The high-performance weak magnetic field system consisting of active and passive components is urgently required in fields, such as industrial electronics, biomedicine, frontier scientific research, and quantum metrology. However, the accuracy of the system will be inevitably affected by the coupling effect between active magnetic field coils and the magnetic shield materials with high permeability. In this study, we proposed a design method of uniform magnetic field coils decoupling under ferromagnetic boundary, which can essentially eliminate the influence of coupling effect on magnetic field profiles. Based on Green's function and the mirror image method (IM), the magnetic field profile is formulated, in which the coupled and uncoupled terms are separated.
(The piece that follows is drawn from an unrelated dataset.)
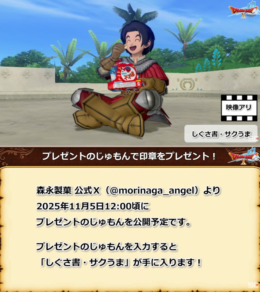11月5日には、「しぐさ書・サクうま」が手に入るプレゼントのじゅもんが森永製菓公式Xより公開されます!

Correspondingly, the coupling ratio determined by the coupling term and the relative magnetic field error are taken as two objectives. Combined with the multipole expansion of magnetic vector potential, the constraints between the coil parameters are constructed, and the optimal coil structural parameters are achieved by using multiobjective particle swarm optimization (MOPSO) algorithm. Compared with the conventional structure, the designed coil set can significantly reduce the coupling ratio from 27% to 0.34%, almost three orders of magnitude, meanwhile improve the uniformity by about 46%. We further apply the designed coil set to the closed-loop control in the zero-field environment, and it shows excellent dynamic performance under ferromagnetic boundary comprehensively. The proposed method can quantitatively evaluate the coupling effect on magnetic field, with universal applicability to various magnetic shielding scenarios. It can pave the way for applications that require extremely high-precision magnetic fields.